Marriage Protection: What To Do If the Inlaws Are Alcoholic
Marriage Protection: What To Do If the Inlaws Are Alcoholic - Page 2
Family of Origin Versus Family of Marriage
It turns out that it’s common for a new marriage to bring up conflicting duties between the new marriage and one’s family of birth. And establishing that marriage in the shadow of addiction and abuse? Even more difficult.
According to Dr. Robert Ackerman, Professor of Sociology and Program Coordinator at the University of South Carolina-Beaufort, those who love an alcoholic go through four phases as they come to terms with the situation: reactive, active, alternative, and family unit.
During the reactive stage, family members of the alcoholic develop dysfunctional coping strategies. In my husband’s case, his childhood and young adulthood around his sister led to a native language of denial and enabling. He developed a particularly passive nature and a strong desire to keep the peace at any cost—even at the cost of her continued alcohol use and dysfunction.
In the active stage, family members of an alcoholic acknowledge the situation and start to make a plan. They might think about cutting the cord and avoiding the family member entirely, or they might try to avoid the topic in hopes that it will get better on its own. Or they might, as we did, seek counseling for themselves to put together a plan of action.
When people who love an alcoholic reach the alternative stage, they move forward with the decision they’ve made: to end the relationship, to seek out an alternative living situation, or to place boundaries within the relationship. If successful, the alternative stage culminates in seeking help for the alcoholic and setting boundaries in one’s personal life.

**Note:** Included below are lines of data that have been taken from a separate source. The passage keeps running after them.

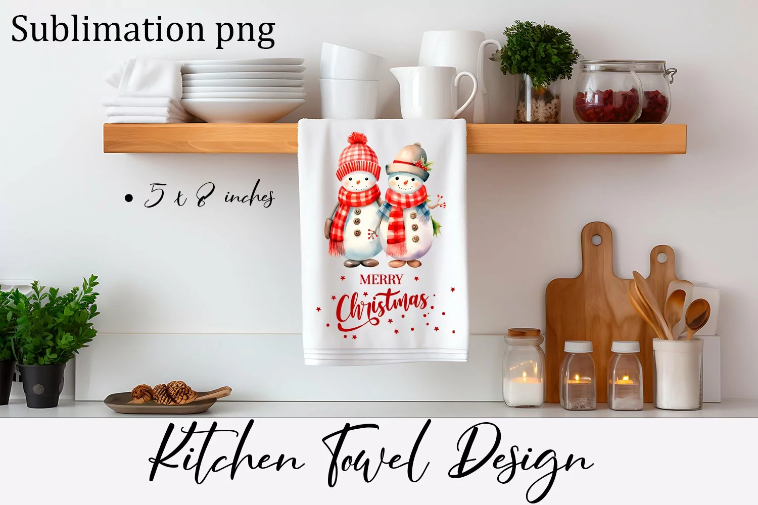 Christmas Kitchen Dish Towel PNG. Snowman Sublimation example image 1
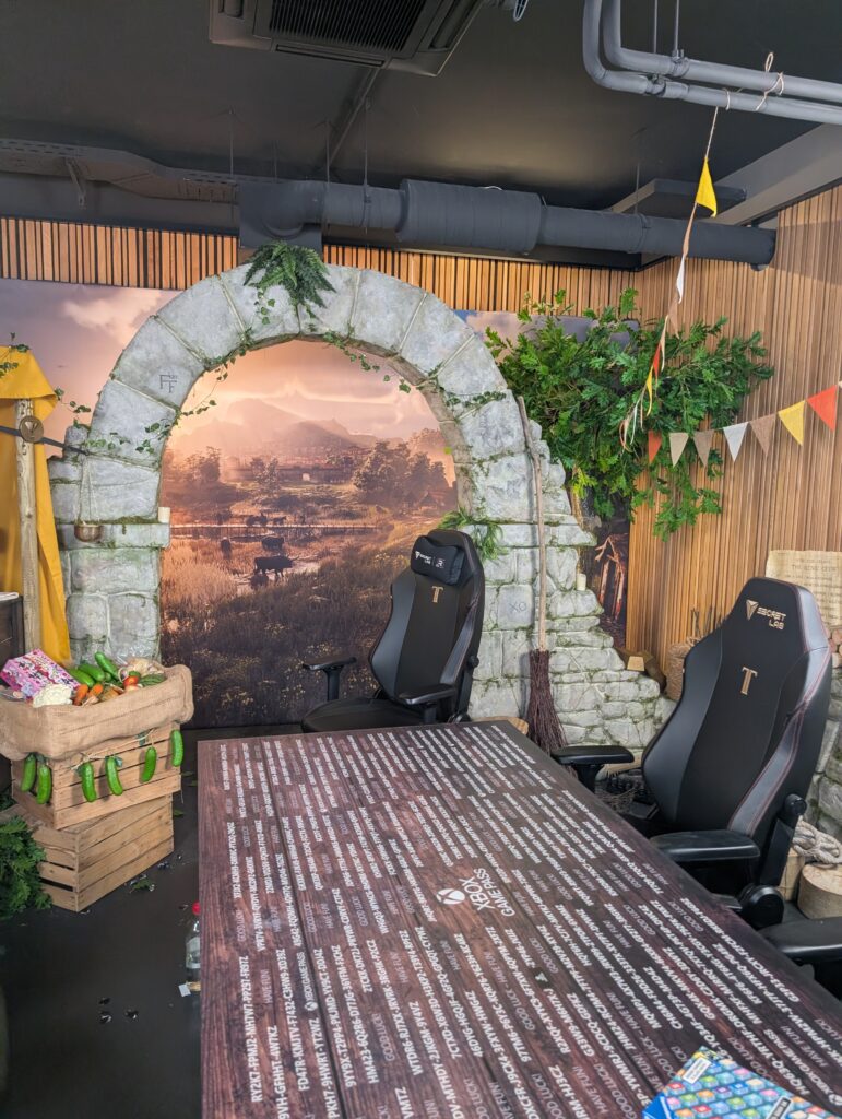 • ein Gaming-Bereich im Albion-Style mit Steingebäuden, Marktplatz und weiteren Bauten
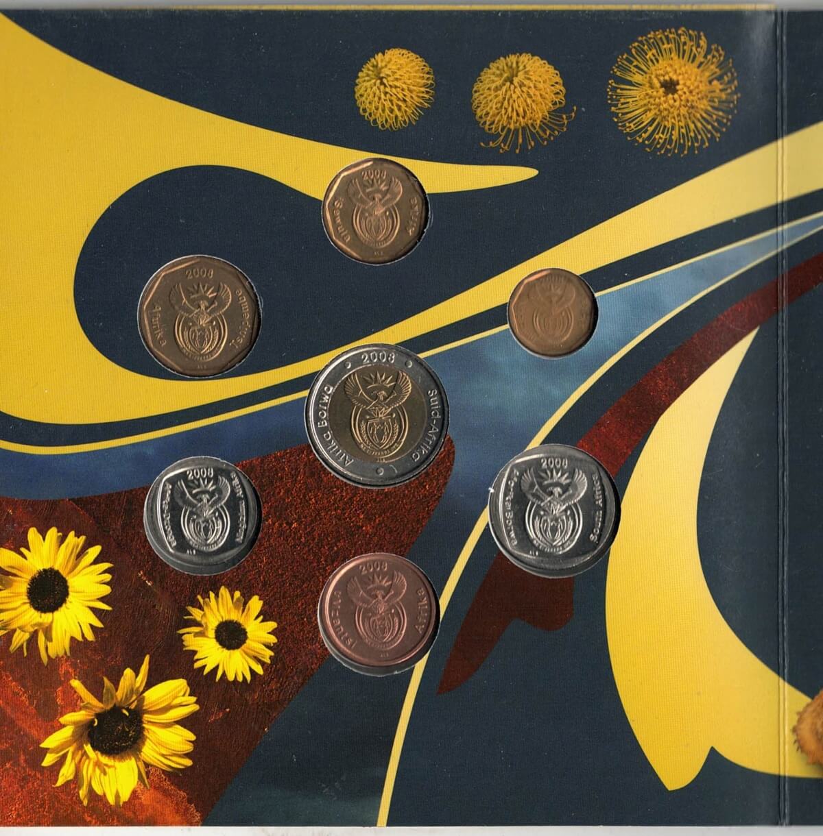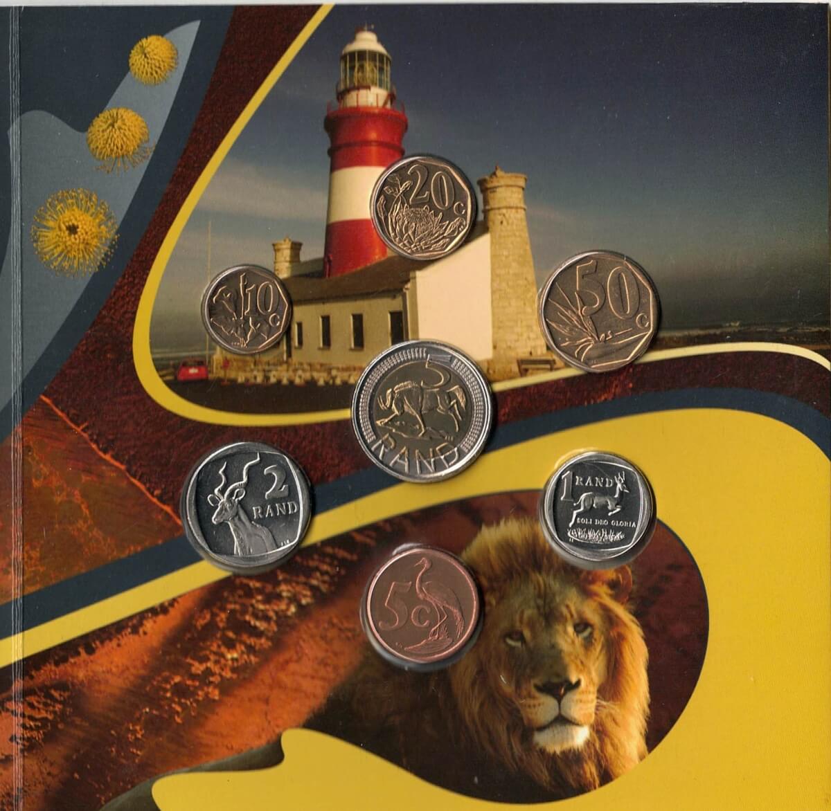 The coins in this set consists of a five rand, two rand, one rand, fifty cent, twenty cent, ten cent and five cent.
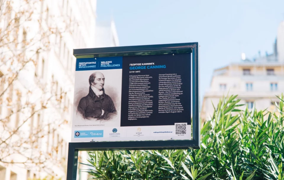 The “Walking with the Philhellenes” project took place recently in the context of the celebration of the 200th anniversary of the Greek Revolution. 62 signs for 29 Philhellenes were placed on streets of  the city bearing the names of the Philhellenic Movement as well a QRcode, which links to a web application, providing in Greek and English additional information about Philhellene and the Philhellenic Movement and also accompanying podcasts. Their portraits are displayed on them, as well as explanatory historical texts – in Greek and in English – with information about their personalities were compiled by a team of leading historians.
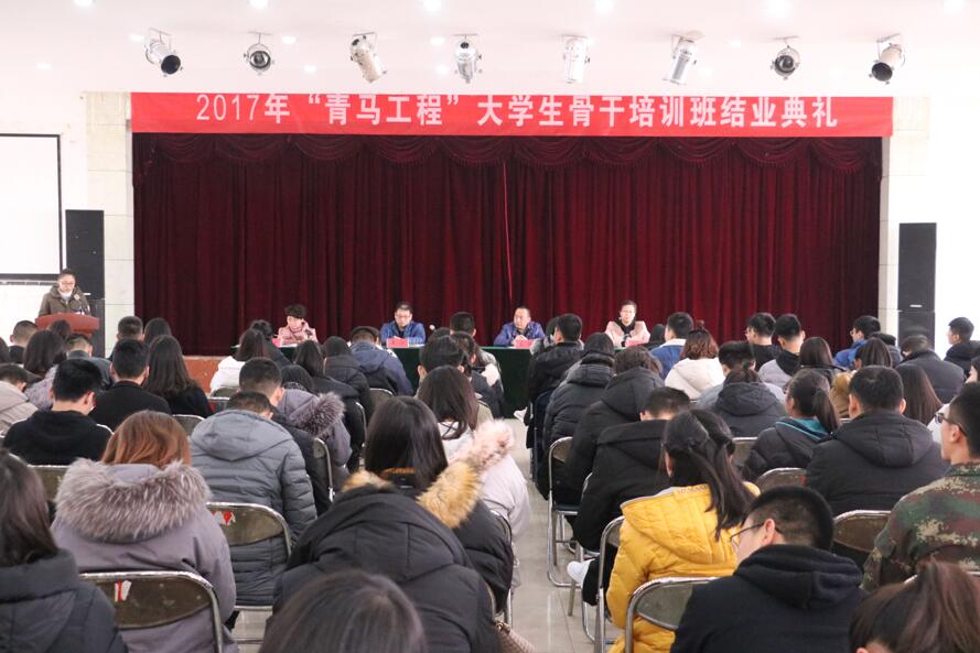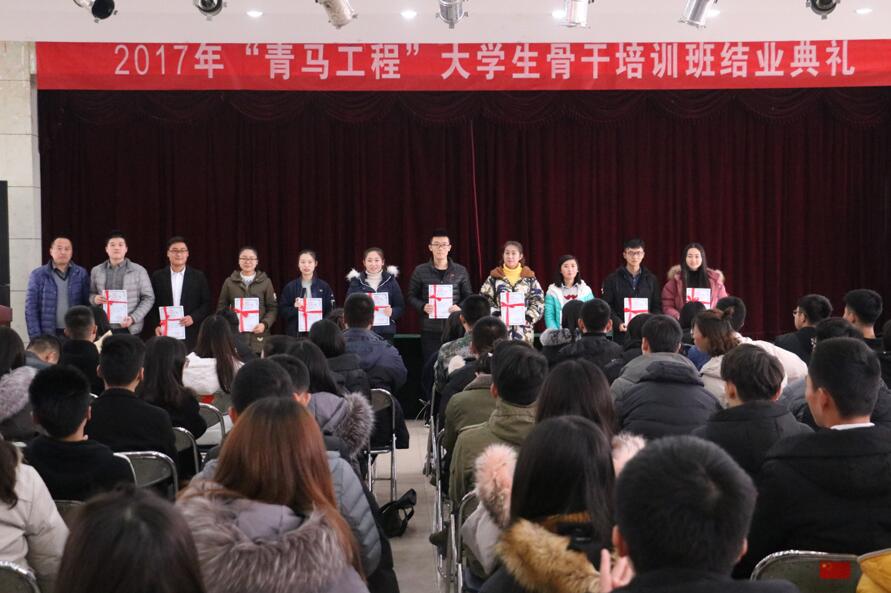 11月30日下午,我院2017年“青马工程”大学生骨干培训班结业典礼在学院大学生活动中心举行。学院团委学生处主要负责同志出席结业典礼,院学生会、社团联合会、自律委员会、大学生助学服务团、学生社团、广播站以及各系院共148名参训学员参加了结业典礼。
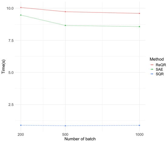 For estimation, given a prior distribution of , the Gibbs sampler can be used to derive the Bayesian QR model. Furthermore, the EM algorithm can be utilized to estimate in (9), as a mixture representation for the ALD was derived using a normal variance-mean mixture with an exponential mixing distribution. More details can be found in [40]. This method employs the ALD as the likelihood function, which is effective in capturing the skewness and heavy-tailed characteristics in the data. However, this method typically requires complex computations, leading to significant computational costs and memory overhead, especially in high-dimensional data. Additionally, the results of this method are highly sensitive to the choice of prior distributions.
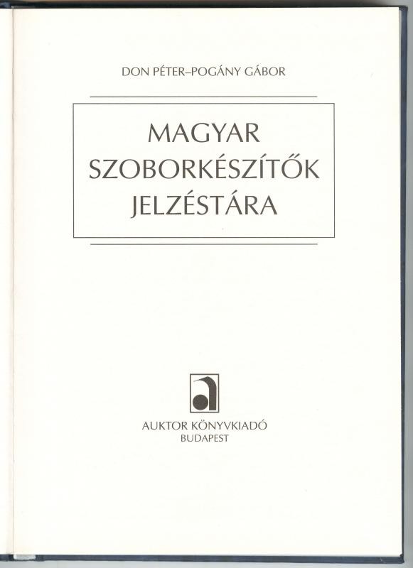 https://www.darabanth.com/en/169-Online-auction/169.0/Other-collectibles/Books-Architecture-Art~4000030/Don-Peter--Pogany-Gabor-Magyar-szoborkeszitok-jelzestara-Bp-2003-Auktor-Uj-allapotba~II544240

The family unit stage, the final stage, is one that some families may never reach: after establishing boundaries, embracing the addiction, and working together, the families or relationships begin to improve. Those who need it find health and support and the family reaffirms its bonds of love.
Helping an Addicted Family Member While Fortifying your Marriage
You can help your addicted family member while also setting boundaries on behalf of your new family by marriage. Here are three helpful principles to guide your decision-making that will also encourage a healthy marriage:
WORK AS A TEAM
Make a list of co-approved things you can do to help. Rather than work from a place of fear and individuality, come together as partners to decide what each member of your marital family is comfortable with. For example, it was my husband’s first instinct to call more and to be more available to his sister, but that didn’t sit well for me. It may take a long time to work out agreeable terms with your partner, but it’s important that each spouse has the space to decide what those terms are so that the solution has buy-in from both spouses.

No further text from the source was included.